Blackwell Ultra GB300: Enhanced Performance
The Blackwell Ultra GB300, set to ship in the latter half of 2025, represents a significant upgrade over its predecessors. The Blackwell Ultra GB300 superchip offers improved computing power and memory bandwidth, addressing the increasing demands of AI applications.
Each GB300 system integrates 72 NVIDIA Blackwell Ultra GPUs and 36 Arm-based NVIDIA Grace CPUs, collectively offering 1,400 petaFLOPS of FP4 AI performance. This configuration represents a 1.5× increase in dense FP4 compute compared to its predecessor, the Blackwell B200.
A notable enhancement in the GB300 is its memory capacity. Each GPU is equipped with 288GB of HBM3e memory, totaling over 20TB of GPU memory per system. This substantial memory boost enables the handling of larger AI models and datasets, facilitating more complex computations and faster processing times.

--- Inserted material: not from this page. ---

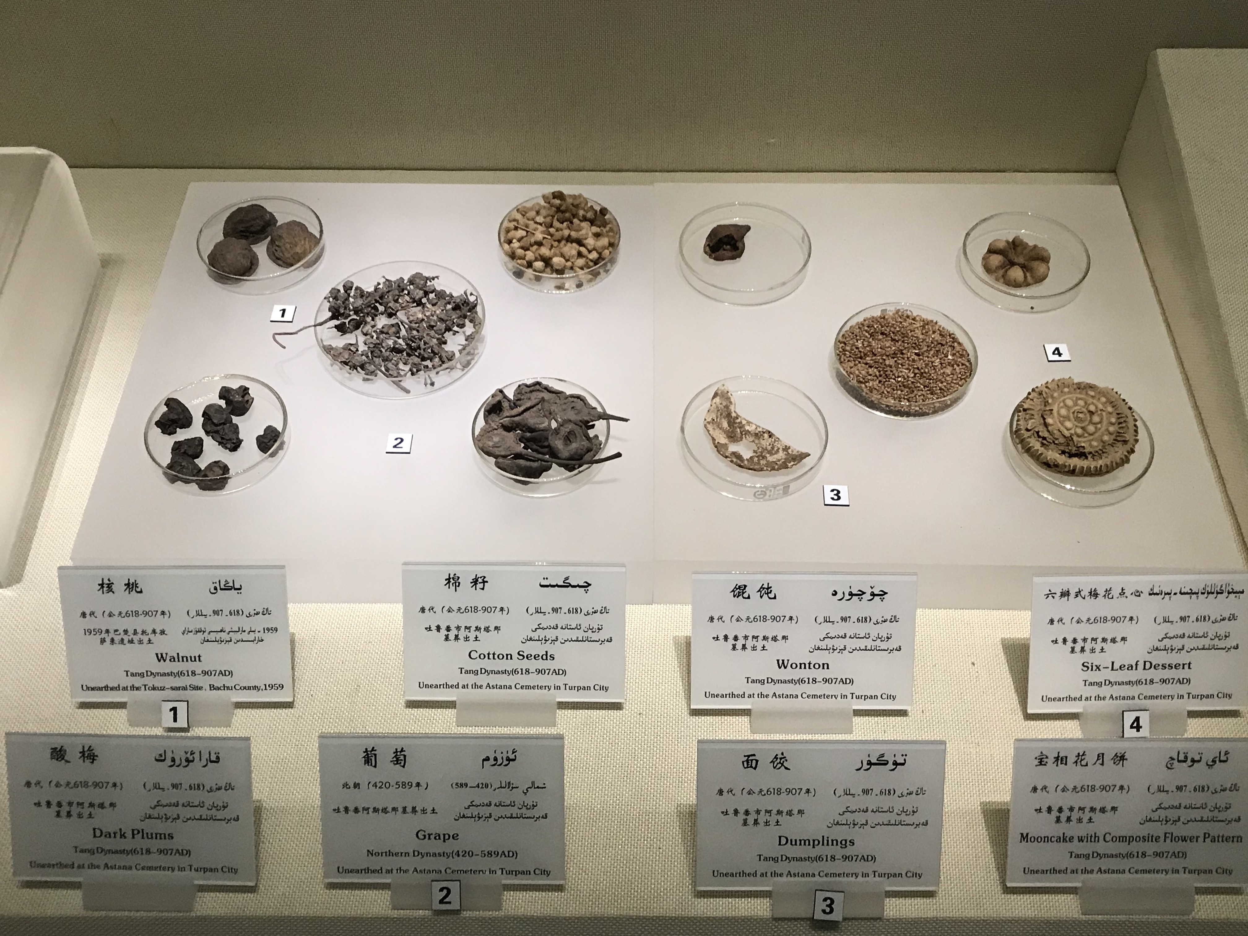 Picture taken at Xinjiang Museum

NVIDIA’s positioning of the Blackwell Ultra AI Factory Platform suggests incremental, rather than transformative, performance gains over the standard Blackwell chips. A single Ultra chip maintains the same 20 petaflops of AI compute as Blackwell but benefits from a 50% increase in high-bandwidth memory (HBM3e), jumping from 192GB to 288GB.
Similarly, a full-scale DGX GB300 “Superpod” still houses 288 CPUs and 576 GPUs, delivering 11.5 exaflops of FP4 computing—identical to the original Blackwell-based Superpod—though with a 25% increase in total memory, now reaching 300TB. These memory upgrades indicate NVIDIA is prioritizing handling larger models and improving AI reasoning efficiency rather than raw compute power.
Instead of focusing on direct Blackwell-to-Blackwell Ultra comparisons, NVIDIA is emphasizing how its latest platform stacks up against its 2022-era H100 chips, which still power a significant share of AI workloads. The company claims Blackwell Ultra delivers 1.5x the FP4 inference performance of the H100, but the most striking advantage is its ability to speed up AI reasoning.
For instance, an NVL72 cluster running DeepSeek-R1 671B—a massive large language model—can now generate responses in just ten seconds, down from 90 seconds on the H100.
NVIDIA attributes this improvement to a tenfold increase in token processing speed, with Blackwell Ultra handling 1,000 tokens per second compared to the H100’s 100 tokens per second. These figures suggest that while Blackwell Ultra doesn’t dramatically outperform its immediate predecessor, it offers compelling efficiency gains for companies still transitioning from previous-generation architectures.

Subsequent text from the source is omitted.